Originally posted by @dt-woods in https://github.com/USEPA/standardizedinventories/issues/146#issuecomment-1819942869
@bl-young, any updates on this front? I'm still getting the ParseError.
So I took a look at the CSV file that is generated. If you provide pandas.read_csv with nrows, it successfully reads the data up to a point. I tried reading the number of lines in the CSV using a basic approach:
>>> from stewi.RCRAInfo import DIR_RCRA_BY_YEAR
>>> report_year = 2017
>>> filepath = DIR_RCRA_BY_YEAR.joinpath(f'br_reporting_{str(report_year)}.csv')
>>> with open(filepath, 'r') as f:
>>> count = sum(1 for _ in f)
>>> print(count)
2119285
I can open this in pandas.
>>> from stewi.RCRAInfo import RCRA_DATA_PATH
>>> fieldstokeep = pd.read_csv(RCRA_DATA_PATH.joinpath('RCRA_required_fields.txt'),
... header=None)
>>> df = pd.read_csv(filepath, header=0, usecols=list(fieldstokeep[0]),
... low_memory=False, on_bad_lines='skip', encoding='ISO-8859-1', sep=",",
... nrows=2119285)
>>> df.head()
Handler ID State ... Generation Tons Waste Code Group
0 AK0000384040 AK ... 12.25 K171
1 AK0000384040 AK ... 0.20 K171
2 AK0000384040 AK ... 0.40 K050
3 AK0000384040 AK ... 1.50 K050
4 AK0000384040 AK ... 0.05 K050
>>> df.tail(1).to_dict()
{'Handler ID': {2119284: 'IDD073114654'},
'State': {2119284: 'ID'},
'Handler Name': {2119284: 'US ECOLOGY IDAHO INC SITE B'},
'Location Street Number': {2119284: '20400'},
'Location Street 1': {2119284: 'LEMLEY RD'},
'Location Street 2': {2119284: nan},
'Location City': {2119284: 'GRAND VIEW'},
'Location State': {2119284: 'ID'},
'Location Zip': {2119284: '83624'},
'County Name': {2119284: 'OWYHEE'},
'Generator ID Included in NBR': {2119284: 'Y'},
'Generator Waste Stream Included in NBR': {2119284: 'N'},
'Waste Description': {2119284: '43435-0'},
'Primary NAICS': {2119284: nan},
'Source Code': {2119284: nan},
'Form Code': {2119284: nan},
'Management Method': {2119284: nan},
'Federal Waste Flag': {2119284: nan},
'Generation Tons': {2119284: nan},
'Waste Code Group': {2119284: nan}}
I'm not certain this count is accurate because I was able to read more than that with pandas.
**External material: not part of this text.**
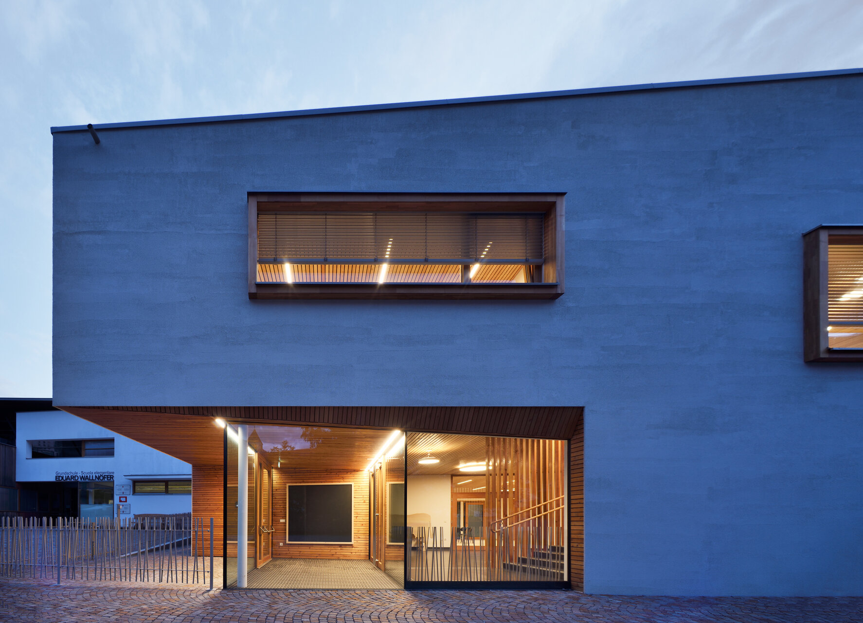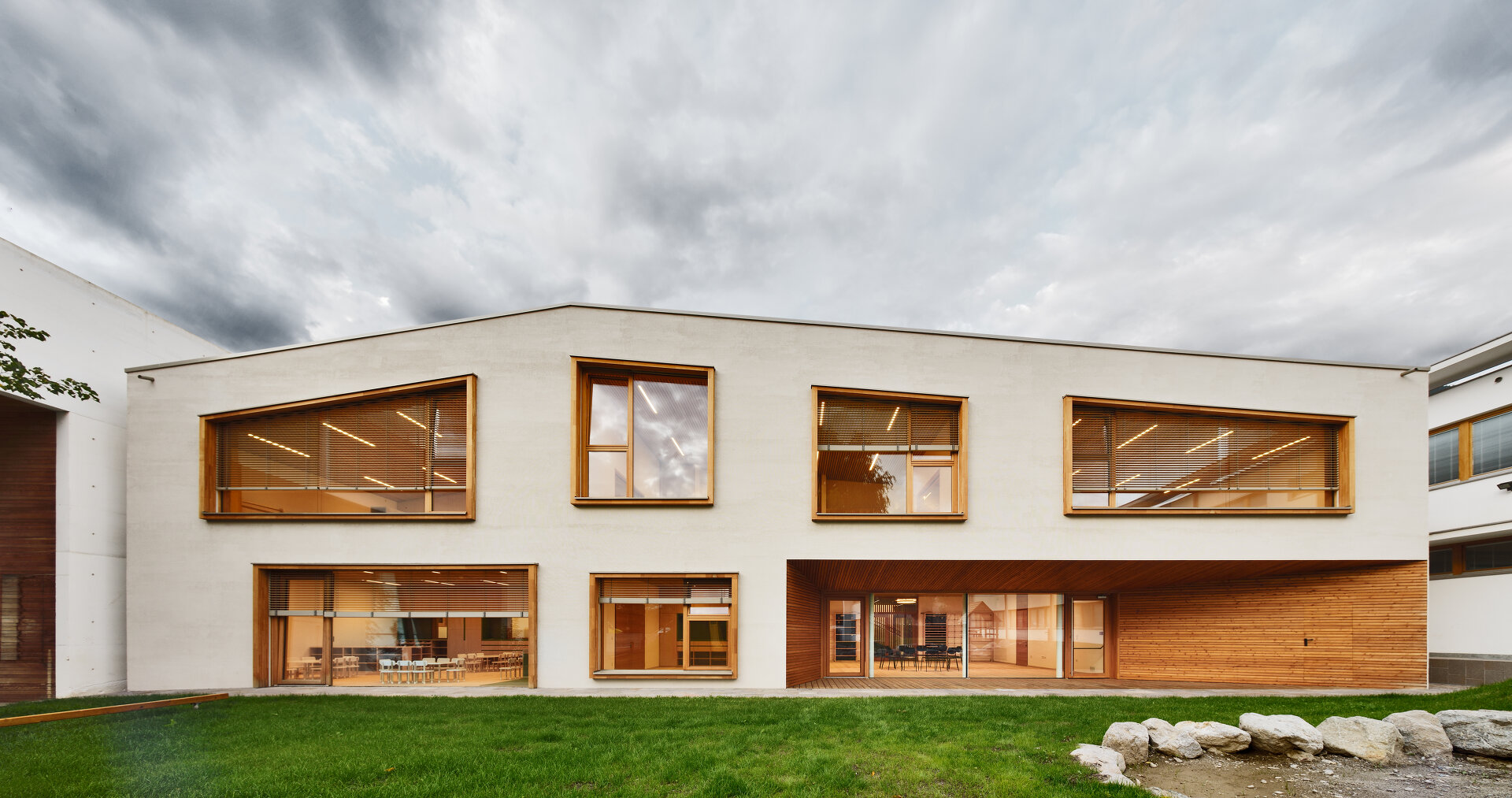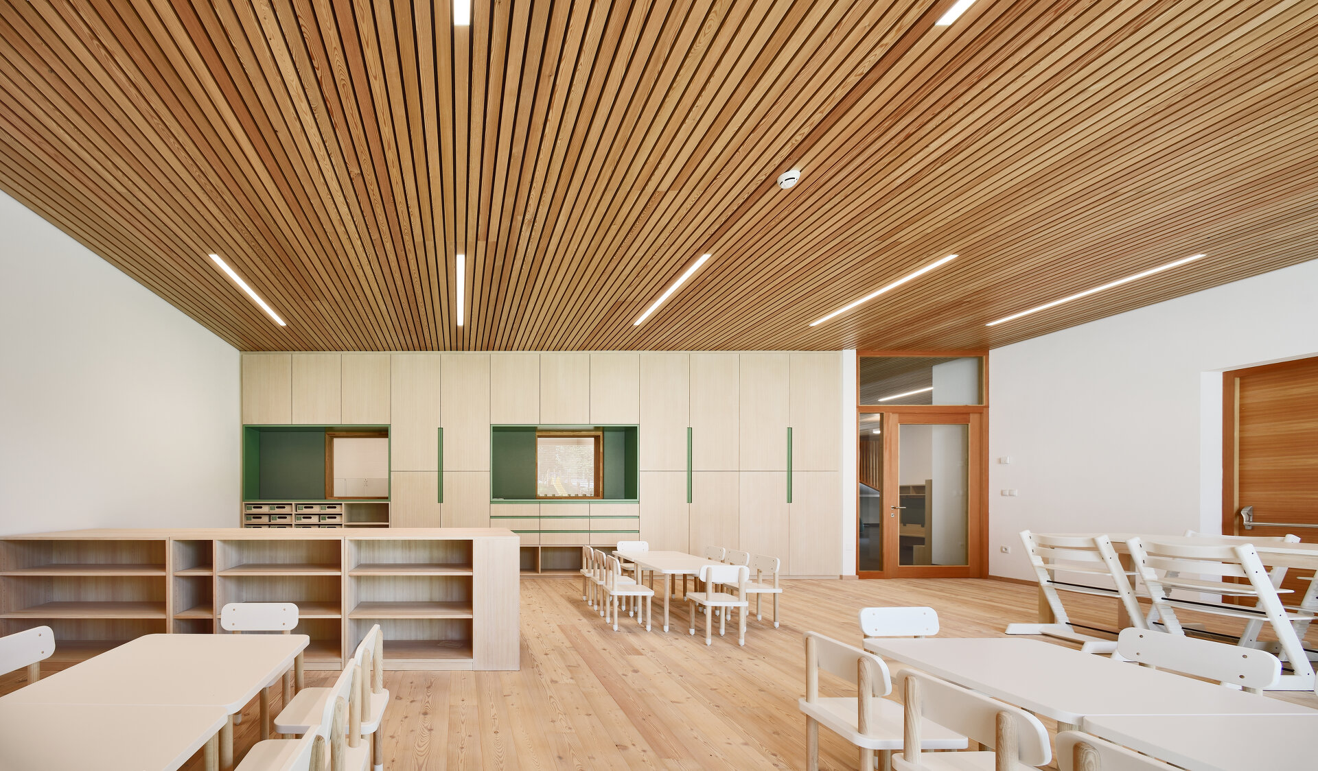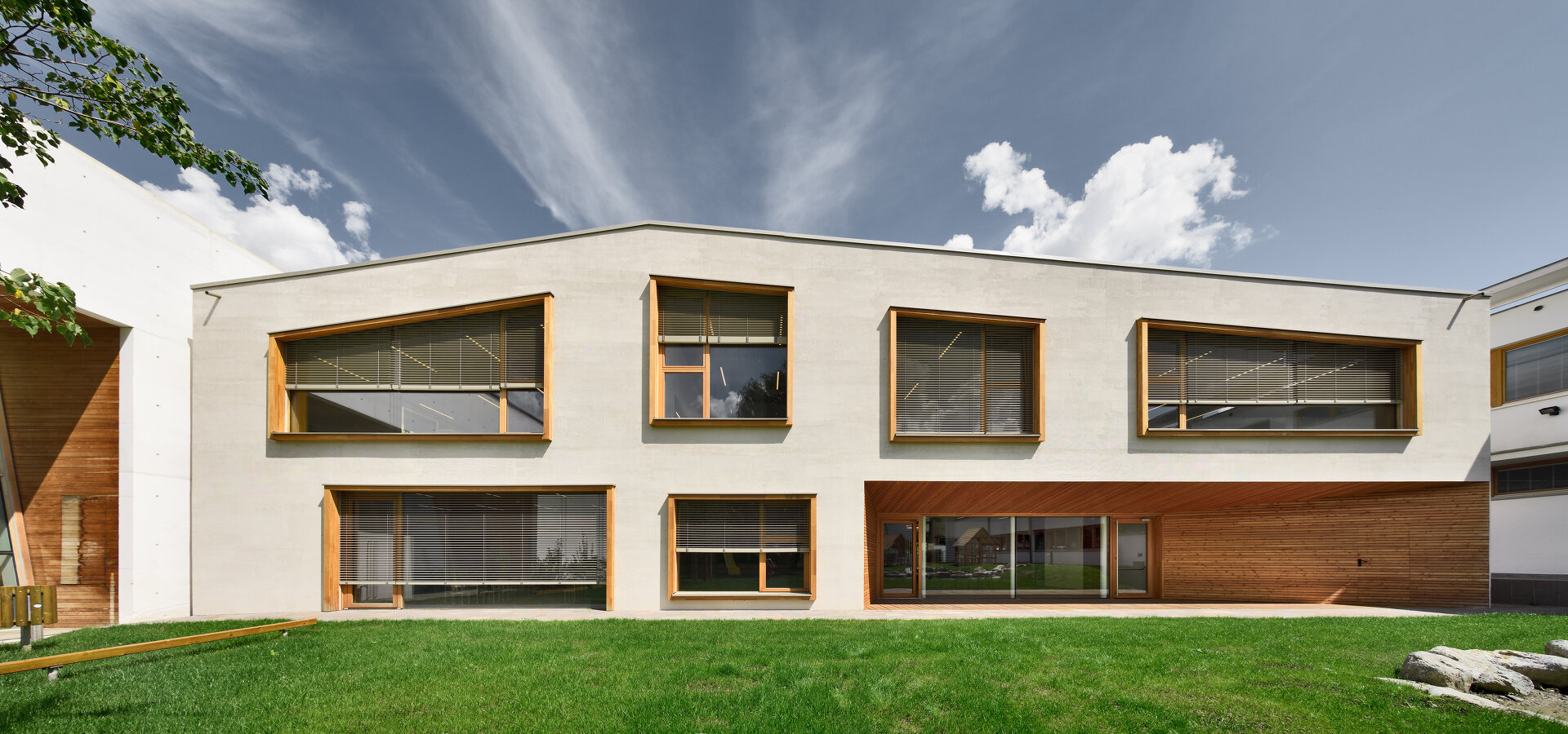 Maßgefertigte Holzmöbel wie Hocker, Tische und Schränke vermitteln mit bewusst eingesetzten Farben Geborgenheit. Im Obergeschoss zeichnet sich das Satteldach in den Raumhöhen ab. Konstruktiv ist das Gebäude als Holzbau errichtet. Der Wechsel zwischen Holz und verputzten Oberflächen ist innen wie außen durchgezogen, wobei das Holz (Latten der Akustikdecken, Türen) dominiert. Dieses Natur-Material wiederholt sich außen bei den Einschnitten der weiteren Zugänge und den Fensterelementen. Ein Gründach und Klimahaus-Standard A sind Anliegen die Nachhaltigkeit des Gebäudes zu erhöhen. (Text: Martina Pfeifer Steiner, nach einem Text der Architekten)

I can go higher!
>>> df = pd.read_csv(filepath, header=0, usecols=list(fieldstokeep[0]),
... low_memory=False, on_bad_lines='skip', encoding='ISO-8859-1', sep=",",
... nrows=236700)
>>> df.tail(1).to_dict()
{'Handler ID': {2366999: 'IDD073114654'},
'State': {2366999: 'ID'},
'Handler Name': {2366999: 'US ECOLOGY IDAHO INC SITE B'},
'Location Street Number': {2366999: '20400'},
'Location Street 1': {2366999: 'LEMLEY RD'},
'Location Street 2': {2366999: nan},
'Location City': {2366999: 'GRAND VIEW'},
'Location State': {2366999: 'ID'},
'Location Zip': {2366999: '83624'},
'County Name': {2366999: 'OWYHEE'},
'Generator ID Included in NBR': {2366999: 'Y'},
'Generator Waste Stream Included in NBR': {2366999: 'N'},
'Waste Description': {2366999: '43435-0'},
'Primary NAICS': {2366999: nan},
'Source Code': {2366999: nan},
'Form Code': {2366999: nan},
'Management Method': {2366999: nan},
'Federal Waste Flag': {2366999: nan},
'Generation Tons': {2366999: nan},
'Waste Code Group': {2366999: nan}}
Not sure where the upper limit is for nrows, and not sure what happens when you overload nrows.
@bl-young, any updates on this front? I'm still getting the ParseError.
No I have not had a chance to look closely yet. These ParseErrors can be tricky to track down.
For consistency, and in the meantime, I would recommend using the already processed versions, such as via
getInventory(..., download_if_missing=True)
if that works for your application.
Yep. That seems to work! Thanks again for supporting the daisy chain of kwargs down through stewicombo to getInventory.